The Shiseido Gallery will host the exhibition “Happy Trail,” a collaborative project by Yutaka Sone, Damon McCarthy and Eric Allaway.

Three individuals, who each have different professions but are connected by a tight friendship with their mutual love for ski, have come together to create their own handmade skis. "Happy Trail" is a documentary work that traces their entire process by which they make their skis and how they attempt to ski down real slopes using those skis. The summer gallery will transform into the ski-making workshop, while the documentary film tracing the year-long process will be shown on the gallery walls.

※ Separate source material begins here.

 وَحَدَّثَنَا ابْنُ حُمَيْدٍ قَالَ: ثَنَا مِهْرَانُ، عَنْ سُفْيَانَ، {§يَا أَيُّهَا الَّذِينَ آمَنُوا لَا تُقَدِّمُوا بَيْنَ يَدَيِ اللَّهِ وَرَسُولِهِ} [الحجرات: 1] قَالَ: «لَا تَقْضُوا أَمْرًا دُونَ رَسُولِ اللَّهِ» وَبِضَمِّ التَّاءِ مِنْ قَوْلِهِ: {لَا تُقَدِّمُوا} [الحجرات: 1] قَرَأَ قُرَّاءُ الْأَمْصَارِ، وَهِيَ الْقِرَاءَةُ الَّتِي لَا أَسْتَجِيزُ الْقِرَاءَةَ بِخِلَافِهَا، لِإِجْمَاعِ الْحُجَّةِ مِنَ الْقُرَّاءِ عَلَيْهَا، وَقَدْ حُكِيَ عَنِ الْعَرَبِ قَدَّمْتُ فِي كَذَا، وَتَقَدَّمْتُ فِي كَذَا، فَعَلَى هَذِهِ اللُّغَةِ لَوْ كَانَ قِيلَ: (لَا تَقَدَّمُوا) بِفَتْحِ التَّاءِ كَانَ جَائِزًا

Yutaka Sone, who is currently representing the Japanese Pavilion at the Venice Biennale, has been living in Los Angeles since 2000. Since, he has taken up characteristic elements of the West Coast such as the freeway and beaches in his art works. His work "Jungle Island," which is now on show at the LA Museum of Contemporary Art, The Geffen Contemporary, situates marble sculptures of the LA freeway interchanges within an artificial tropical forest. As visitors wedge their ways through the dense forest, they confront yet another chaotic milieu (i.e., a jungle), packed with cars and people. The installation draws viewers into a doubly mesmerizing situation.

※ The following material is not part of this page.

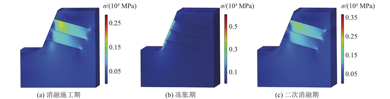 图 16 冻融过程中框架锚杆边坡支护应力云图

Another work that Sone created after moving to Los Angeles was "A Beautiful Day," which stemmed from a Sculpture Class that Sone taught at UCLA. Sone had his students make skis and surfboards from scratch, and use them all in one day, taking advantage of the climatic diversity of California. "Happy Trail" is a project that expands this idea, of attempting to express through video and installation, the process by which the three try to ski without the employment of ready-made materials.

Sone, along with filmmaker Damon McCarthy and elementary school teacher Eric Allaway, begin by cutting out sheets of plywood in the form of skis, layering them on top of each other and pressing them together under a handmade press machine. The skis are fabricated through endless trials and errors. While skiing has become a high-tech sport, which nowadays depends on functional and excessively fashionable gear, the three make theirs from simple materials, which they believe is an execution of a very pure act of creation.

Nonetheless, making skis from scratch is an unreasonable act in the first place, and the sometimes humorous and dramatic events that unfold in the video prove the mission to be pregnant with problems and difficulties from the onset. Somewhere along the way, the ultimate goal to ski down real snow with their handmade skis, and the frustrating path to reach that goal seem to be inverted in terms of importance. Consequently, the project may seem less about "leaving a happy trail on fresh snow" but more about "searching for a trail that leads to happiness."

Sone's performance work "Her 19th Foot" was a 19-person bike nearly impossible to ride, which was an apparatus that made the riders realize the true meaning and joy of "moving forward," only because of this difficulty. "Happy Trail" is similar in the way that it is an attempt to visualize the very act of trying something that is inherently impossible and irrational, and the search for the happiness that lies only in the undoubting faith in such an act.